For me, our focus on ending gun violence is a spiritual discipline. It takes one of the great truths of Jesus’ message–peacemaking–and places it against one of the hardest realities of human existence. Can Jesus’ call for peace wear down and ultimately wear through the “intractable” reality of gun violence in America, like water, with time, cuts through rock?
I’ve noticed several things as we have prayed all these years. One is that while mass shootings get the most attention, the majority of people for whom we pray each month are either young Black men or loved ones who die by suicide. This realization has moved me to see that “ending gun violence” is synonymous with ending social isolation, increasing access to mental healthcare, moving toward a restorative model of criminal justice, and ending systemic racial inequality. While these, too, are “big” issues to tackle, for each of them there are very specific things that people are doing right now in DeKalb County to change these realities. There really are very specific ways you are called to help end gun violence that have nothing to do with guns.
The most important part of this prayer practice is simply to weep with those who weep, name by name. You can’t weep over “gun violence.” You can weep when names are read. You can imagine a mother or father who gave their child that name and who dreamed great things for them and who wept when they were buried.
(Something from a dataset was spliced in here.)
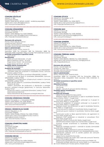 706 / JUDE%u021aUL TIMI%u0218 WWW.GHIDULPRIMARIILOR.ROCOMUNA S%u0102C%u0102LAZAdres%u0103: nr. 368Cod po%u0219tal: 307370Telefon: 0256-367101, 367491, 240201 - eviden%u0163a popula%u0163iei; Adresa de e-mail: office@sacalaz.roURL: www.primariasacalaz.roCOMUNA S%u00c2NANDREIAdres%u0103: Tineretului, nr. 70Cod po%u0219tal: 307375Telefon: 0256-383500; Fax: 0256-383806; Adresa de e-mail: office@primaria-sinandrei.roURL: https://primariasanandrei.ro/Persoane din primarie:Primar: Florin Claudiu ComanViceprimar:Iosif%u00a0 Minnich%u00a0Secretar General:Diana Andreea Muntean%u00a0Contabil: Ionica Claudia Gina Vl%u0103du%u021bSate %u00een administra%u021bie:S%u00e2nandrei, Carani, Covaci, Ias%u00a0km 13Suprafa%u021ba:%u00a0 9239 ha; Intravilan:%u00a0 580 ha; Extravilan:%u00a0 8659 ha; Popula%u021bia:%u00a05282; Gospod%u0103rii:%u00a01594; Locuin%u021be:%u00a01747; Gr%u0103dini%u021be:%u00a03; %u0218coli:%u00a03; Activitati economice si specifice zonei:Agricultur%u0103Evenimente:Zilele comunei S%u00e2nandrei - 21 iulieBalul tineretului Carani - 16 iunieRuga satului Covaci - 26 octombrieRuga satului Ias%u00a0km 13 - 20%u00a0iulieFacilit%u00e3%u0163i oferite investitorilor:Terenuri %u00een concesiuneProiecte de investi%u0163ii:%u201cRe%u021bea de canalizare %u00een localitatea CARANI, comuna S%u00ceNANDREI%u201d%u201c%u00cenfiin%u021bare re%u021bea de canalizare %u00een localitatea Covaci, comuna S%u00e2nandrei, jude%u021bul Timi%u0219%u201dExecu%u021bie re%u021bele de ap%u0103 %u0219i canalizare S%u00c2NANDREI, CARANIConstruire sal%u0103 de sport %u00een localitatea S%u00c2NANDREI, Comuna S%u00c2NANDREI, Jude%u021bul TIMI%u0218Reabilitare %u0219i modernizare infrastructur%u0103 rutier%u0103 %u00een Comuna S%u00c2NANDREI, jude%u021bul TIMI%u0218Bazin de %u00eenot didactic, Localitatea S%u00c2NANDREI, Jude%u021bul TIMI%u0218 Proiecte de viitor:%u201cSistem centralizat de producere %u0219i distribu%u021bie a energiei termice, utiliz%u00e2nd energia geotermal%u0103, %u00een Comuna S%u00e2nandrei, Jude%u0163ul Timi%u0219%u201dConstruire cre%u0219%u0103 %u00een Localitatea S%u00e2nandrei, Jude%u021bul Timi%u0219%u201dSta%u021bii %u00eenc%u0103rcare electric%u0103Solu%u021bii fotovoltaice de producere a energiei electriceCOMUNA S%u00c2NMIHAIU ROM%u00c2NAdres%u0103: Principal%u0103, nr. 1; Cod po%u0219tal: 307380Telefon: 0256-363501; Fax: 0256-363501; Adresa de e-mail: primaria@sanmihaiu.roURL: www.sinmihaiuroman.roORA%u0218UL S%u00c2NNICOLAU MAREAdres%u0103: Republicii, nr. 15Cod po%u0219tal: 305600Telefon: 0256-370366, 370340; Fax: 0256-370350; Adresa de e-mail: primaria@sannicolau-mare.romediu@sannicolau-mare.roURL: www.sannicolau-mare.roCOMUNA S%u00c2NPETRU MAREAdres%u0103: nr. 1Cod po%u0219tal: 307385Fax: 0256-376177; Adresa de e-mail: primaria.sanpetru_mare@cjtimis.roURL: https://primariasanpetrumare.ro/COMUNA SECA%u015eAdres%u0103: Principal%u0103, nr. 19Cod po%u0219tal: 307390Telefon: 0256-705002; Fax: 0256-705002; Adresa de e-mail: primariasecas@yahoo.comURL: www.primariasecas.roCOMUNA STIUCAAdres%u0103: str. Principala . nr. 111Cod po%u0219tal: 307400Telefon: 0256-335937; Fax: 0256-335711; Adresa de e-mail: primaria.stiuca@cjtimis.roURL: https://primariastiuca.ro/COMUNA %u015eAGAdres%u0103: a II-a, nr. 49Cod po%u0219tal: 307395Telefon: 0256-395368; Fax: 0256-395368; Adresa de e-mail: primaria.sag@cjtimis.roURL: www.primariasag.roCOMUNA %u015eANDRAAdres%u0103: Principal%u0103, nr. 6Cod po%u0219tal: 307065Telefon: 0256-379149; Fax: 0256-379494; Adresa de e-mail: primariasandratm@gmail.comURL: www.primariasandra.roCOMUNA TEREMIA MAREAdres%u0103: nr.559Cod po%u0219tal: 307405Telefon: 0256-380003, 380002; Fax: 0256-380003; Adresa de e-mail: primaria.teremia_mare@cjtimis.roURL: https://teremia.ro/Persoane din primarie:Primar:%u00a0 Cornel Vasile%u00a0Gui%u00a0Viceprimar: Valer RusSecretar General: Adriana%u00a0Tompo%u0219%u00a0Contabil: Raluca%u00a0BostanSate %u00een administra%u021bie:Ner%u0103u, Teremia Mare, Teremia Mic%u0103Suprafa%u021ba:%u00a0 8999 ha; Intravilan:%u00a0 633 ha; Extravilan:%u00a0 8366 ha; Popula%u021bia:%u00a0 4064; Gospod%u0103rii:%u00a0 1340; Locuin%u021be:%u00a0 1235; Gr%u0103dini%u021be:%u00a0 3; %u0218coli:%u00a05; Activitati economice si specifice zonei:Agricultur%u0103Obiective turistice:Ap%u0103 geotermal%u0103Gaz sond%u0103Muzee - viticultur%u0103, pictur%u0103, Nichita St%u0103nescuFacilit%u00e3%u0163i oferite investitorilor:Agent termicProiecte de investi%u0163ii:OBIECTIVE %u0218I INVESTI%u021aII REALIZATE:Realizare sistem de alimentare cu ap%u0103 %u00een localit%u0103%u021bile Teremia Mare %u0219i Ner%u0103u, PNDL 1 + buget localConstruire gr%u0103dini%u021b%u0103 cu program prelungit cu 3 grupe %u00een Teremia Mic%u0103, PNDL 2 + buget localConstruire gr%u0103dini%u021b%u0103 cu program prelungit cu 6 grupe %u00een Teremia Mare, PNDL 2 + buget localRealizare sistem de alimentare cu ap%u0103 %u00een localitatea Teremia Mic%u0103, PNDL 2 + buget localConstruire punct medical %u00een localitatea%u00a0Ner%u0103u, buget localConstruire punct medical %u00een localitatea%u00a0Teremia Mic%u0103, buget localContinuare lucr%u0103ri la Baza sportiv%u0103-Centru de agrement %u00een Teremia Mare, buget localRealizare PUZ reziden%u021bial %u0219i industrial %u0219i actualizare PUG Teremia Mare, buget localRepara%u021bii C%u0103minul Cultural din Ner%u0103u, buget localIdentificarea str%u0103zilor dup%u0103 noul nomenclator, buget localIluminat stradal ornamental %u00een localitatea%u00a0 Teremia Mic%u0103, buget localRepara%u021bii instala%u021bie termic%u0103 + central%u0103 la %u0218coala Gimnazial%u0103 Teremia Mare, buget localSchimbarea re%u021belei electrice %u00een comuna Teremia MareIntroducere re%u021bea fibr%u0103 internet %u00een loc alitatateaTeremia Mic%u0103Introducere internet wi-fi %u00een zonele publice ale comunei Teremia Mare, WiFi4EUOBIECTIVE %u0218I INVESTI%u021aII %u00ceN CURS:Asfaltarea str%u0103zilor din toate cele 3 sate ale comunei Teremia Mare, prin PNI

You can imagine a son or daughter who says their parent’s name after it becomes clear to them that they are never coming back. Each name is of a beloved child of God. Feeling the loss of each both consecrates their life and troubles our spirits enough that we might yearn for a future in which such deaths no longer happen.
If you would like to participate in the Soul Box project, you can find out more information at http://ndpc.org/soulbox/.
Bless all of you who have worked, created, and prayed us toward a world without gun violence.
~ David Lewicki
To understand how powerful the Soul boxes are, enjoy this note from a member of NDPC who has been making these boxes and ties it into her Sunday School class. Alice Hickcox submitted this note and photo of the Soul boxes she has been working on.
“Thank you for this class (Howard Thurman). It was deeply moving today, and combined with worship, doubly moving. I feel confirmed in my instinct that each of the Soul Boxes I created should claim the person as a beloved child of God. So Thurman tells us, and so I believe. Most of the people on these boxes are young black men. It makes me doubly sad. We have made hundreds of these boxes. It is a great burden and prayer. Thank you for your gift to us.”